Больше всего Жулькино настроение зависело от Четвёртого волка. Четвёртый волк жил отдельно, не в клетке, и когда исчезал, Жулька догадывался, что тот отправился промышлять. Пропадал Четвёртый целую ночь, иногда и половину дня. Зато не было случая, чтобы тот вернулся без добычи. Вероятно, не всякий раз охота удавалась. Когда он совал в клетку лежалое мясо, Жулыка смекал, что умный Четвёртый делает запасы, припрятывая добычу на чёрный день. Волку любое мясо идёт впрок, и Жулька без капризов заглатывал, что давали.
Пришло лето. Подъёмный кран подцепил клетку с волками и поставил на платформу грузовика. Грузовик повилял по дорожкам киностудии, где до сих пор жили волки, и подъехал к воротам. В кузове возле клетки сидел дрессировщик. Он предъявил пропуск и объяснил дежурному, что едет в Ковшинский лес, где студия построила новую базу. Осенью, когда волки обрастут зимним пышным мехом, их будут в Ковшино снимать для кино.

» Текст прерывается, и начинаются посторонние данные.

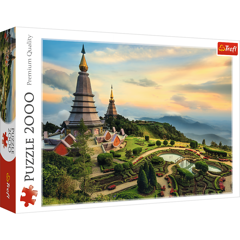Puzzle 2000 elementów z widokiem na miasto Chiang Mai w Tajlandii. Po ułożeniu powstanie obrazek o wymiarach 96x68 cm. Wysoką jakość, nasycenie kolorów i bezpieczeństwo układania zapewnia kalandrowany papier odbijający światło, pokryty ekologicznymi farbami spożywczymi.
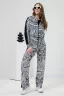 Костюм состоит из толстовки на молнии и брюк. Брюки прямые, на поясе, с боковыми карманами, с лампасами из отделочного полотна вдоль боковых швов. Толстовка прямая, на молнии, с капюшоном, с карманами "кенгуру", длиной до середины бедра. Рукав реглан, длинный, на манжете, с лампасами из отделочного полотна вдоль рукава.
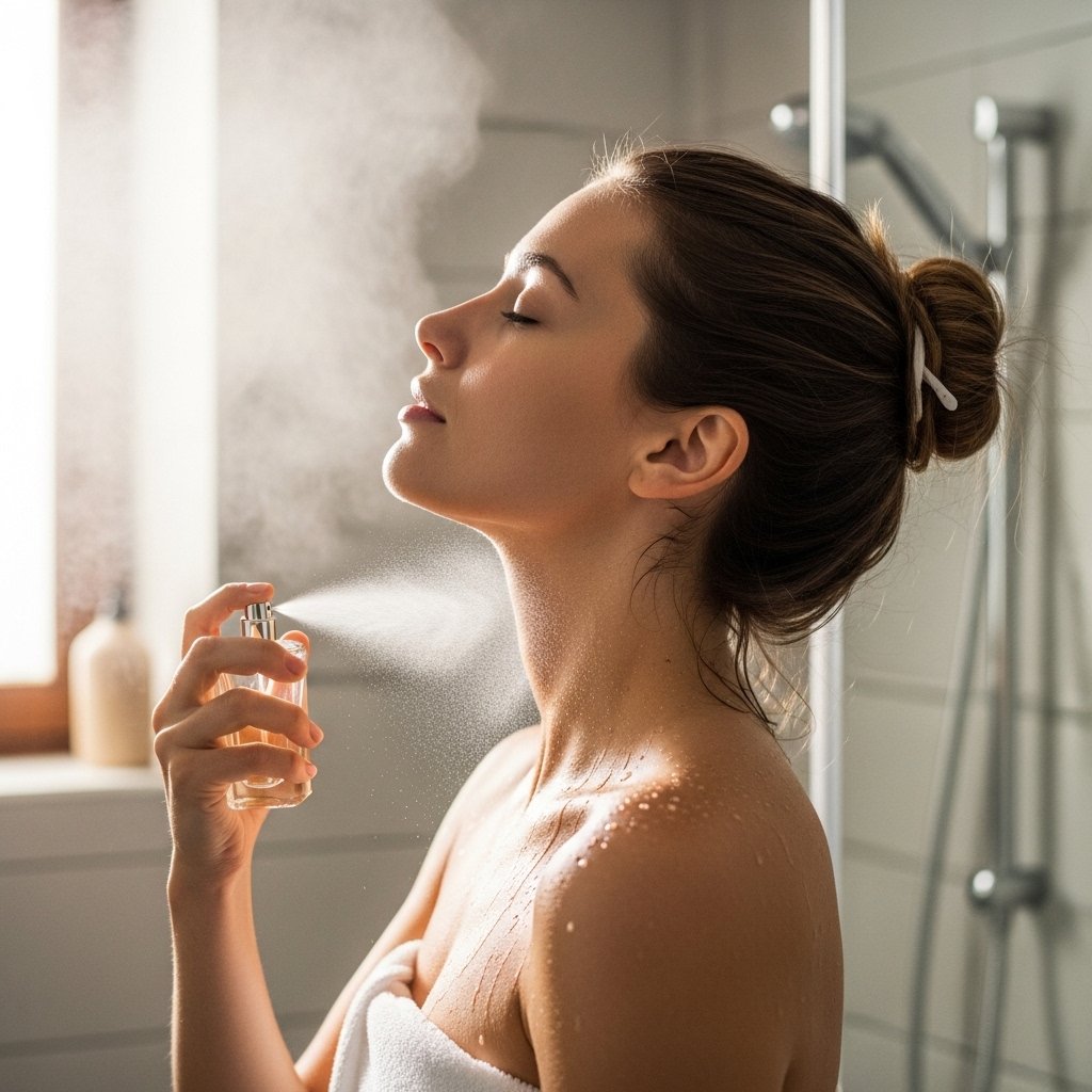 A shower may leave the skin a bit warm and damp, and this can allow the fragrance to stick. This could be the time to apply perfume to enable it to be absorbed more naturally into the skin surface.
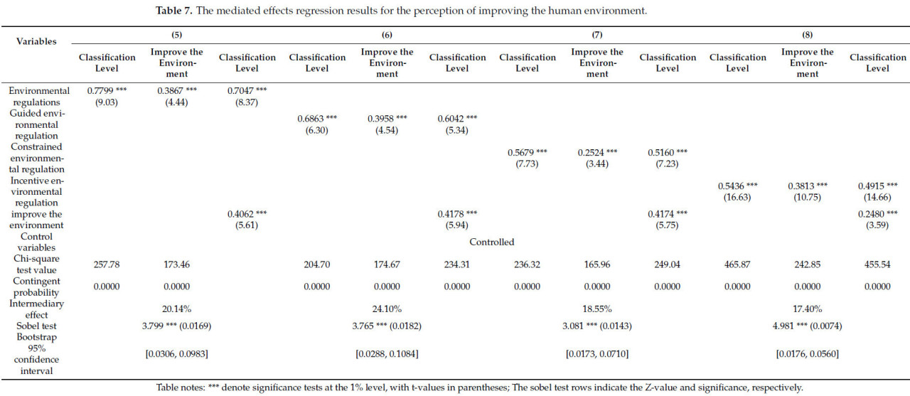 Посредническая роль восприятия «улучшения среды обитания человека» в экологическом регулировании, влияющем на уровень классификации бытовых отходов сельских жителей, показана в Таблице 7, и все результаты проходят тест на значимость и тест на опосредующий эффект. Экологические нормативы могут значительно увеличить признание сельских жителей, что, в свою очередь, способствует увеличению уровня сортировки бытовых отходов, и восприятие «улучшения среды обитания человека» играет важную роль в процессе посредничества. Эффект посредничества составляет около 20.14% от общего эффекта. С точки зрения неоднородности экологических нормативов, эффекты посредничества восприятия «улучшения среды обитания человека» в процессах направляющего экологического регулирования, ограничивающего экологического регулирования и стимулирующего экологического регулирования на уровень сортировки отходов составляют 24.10%, 18.55% и 17.40% от общего эффекта, соответственно.
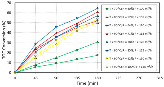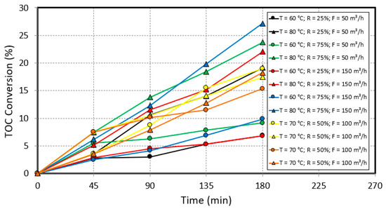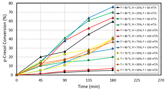 Figure 2 and Figure 3 illustrate the time evolution of p-cresol and TOC conversions, respectively, under the investigated experimental conditions. The results obtained at different temperatures (60 ≤ T ≤ 80 °C) for a reaction time of up to 180 min show the great influence of this independent variable on both responses, with the highest conversions of p-cresol (76%) and TOC (27%) being achieved at the highest temperature (80 °C) using R of 75% and F of 150 m3/h, respectively. To better elucidate the influence of R and F, a statistical analysis of the results from this experimental design was performed using the Statistic 8.0 software, by comparing the combined effects of these variables.
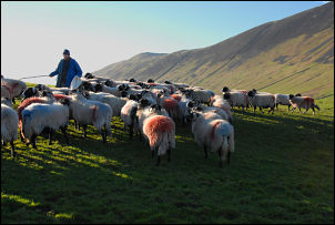Then the weather was miserable rain and no visibility, which is why I’d returned to see what I missed the last time. I set off north up Barbondale in the chilly sunshine. The walking was very pleasant and as last time there was quite a bit of traffic on such a remote road. Barkin Beck on the left is the home to quite a few interesting caves and potholes. None of which I’ve visited. The map shows some of their wonderful names; Wonderland Cave, Strike Cave, Crack Pot etc. Near the high point on the road I reached the right turn up the rough track Called Green Lane, which isn’t very green. There were nice views down onto Dentdale and also across to the Howgill Fells. Up on the right a farmer was tending his flock of sheep and it was nice to pause for a moment to watch him at work. |

Первая ночь прошла на новом месте тревожно. За высоким забором шумел лес, которого Жулька никогда не слышал. Лес шумел близко, и дальше, и ещё дальше, и совсем издали доносился шелест деревьев. Жулька чувствовал, какой его окружает простор, и волновался. А Лобан, самый сильный и самый осторожный, был перепуган. Он крался от стенки к стенке, поджав к животу хвост, и часто, уставившись перед собой взглядом, начинал пятиться, будто на него надвигалось чудовище. Вместе с ним истерически шарахалась Рина, и это тяжело действовало на Жульку.
К рассвету Жулька вымотался до последнего нерва. Но вот раздались за оградой тяжёлые шаги. Лобан и Рина с Жулькой стали прыгать как безумные. Знакомо забрякали ключи, загремел замок, отворилась со скрипом высокая калитка – и Жулька завопил от восторга, завыл, и вся троица заголосила хором навстречу долгожданному Четвёртому волку...
Какая жизнь началась у Жульки! Каждый день ходили в лес. Жулька и Лобан с Риной рвались с поводков, тянули в разные стороны, и только очень сильные руки могли их удержать.
Волков спускали, они бросались наперегонки. Неслись вдоль заброшенной дороги, с сумасшедшей скоростью огибали малинник и пролетали поляну с высокой травой. Жульке встречались валуны, ямы, торчащие корни. Казалось, Жулька ничего не замечал, ни разу он не остановился. Но где-то внутри у него беспрерывно щёлкал маленький аппарат, и всё, мимо чего Жулька проскакивал не глядя, оставалось в его памяти. И потом, набегавшись, он возвращался к какой-нибудь кротовине или разваленному пню, чтобы рассмотреть их как следует.
Часа не проходило без новостей. То Жулька замечал сороку – сорока молча смотрела вниз, перелетая за волками по вершинам елей. То он увидел трясогузку. Трясогузка заманчиво покачивала хвостом, и Жулька, согнув переднюю лапу, изобразил стойку. Трясогузка вспорхнула, а Жулька, ничуть не огорчённый, побежал к Лобану.
С сестрой Жулька предпочитал не ссориться, а к брату приставал часто. Иногда ему удавалось стащить у Лобана мяса. Но чаще разозлённый Лобан вовремя хватал его за холку, и после короткой схватки Жулька убирался ни с чем.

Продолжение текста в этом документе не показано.